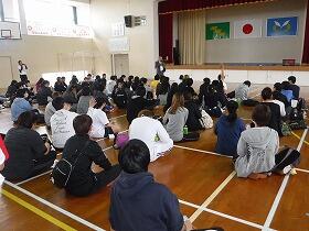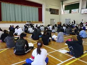 例年は外部から講師を体育館に招いて開催していますが、新型コロナウイルス感染症対応のため、リモートで実施しました。
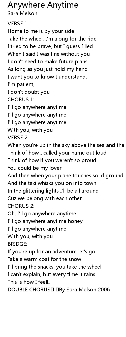 | I' ll go anywhere anytime | |
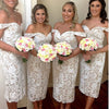 Off Shoulder Lace Tea-Length Bridesmaid Dress, Backless Mermaid Slit Bridesmaid Dress, D696
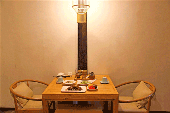房间使用原木与白两种原色,设置简洁舒适。简洁却绝不意味着简单,景致的茶具,错落有致的摆设物件,就连吊灯的设计都是独一无二的。
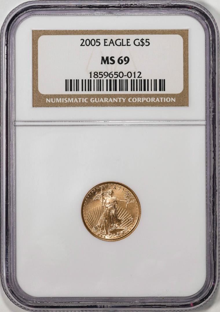 One 2005 $5 American Gold Eagle Coin NGC MS69. NGC Certified.

========================================

◆ Task objective
Output every entry word for word, but omit the pictures.

◆ Reply
 例年は外部から講師を体育館に招いて開催していますが、新型コロナウイルス感染症対応のため、リモートで実施しました。
 | I' ll go anywhere anytime | |
 Off Shoulder Lace Tea-Length Bridesmaid Dress, Backless Mermaid Slit Bridesmaid Dress, D696
房间使用原木与白两种原色,设置简洁舒适。简洁却绝不意味着简单,景致的茶具,错落有致的摆设物件,就连吊灯的设计都是独一无二的。
 One 2005 $5 American Gold Eagle Coin NGC MS69. NGC Certified.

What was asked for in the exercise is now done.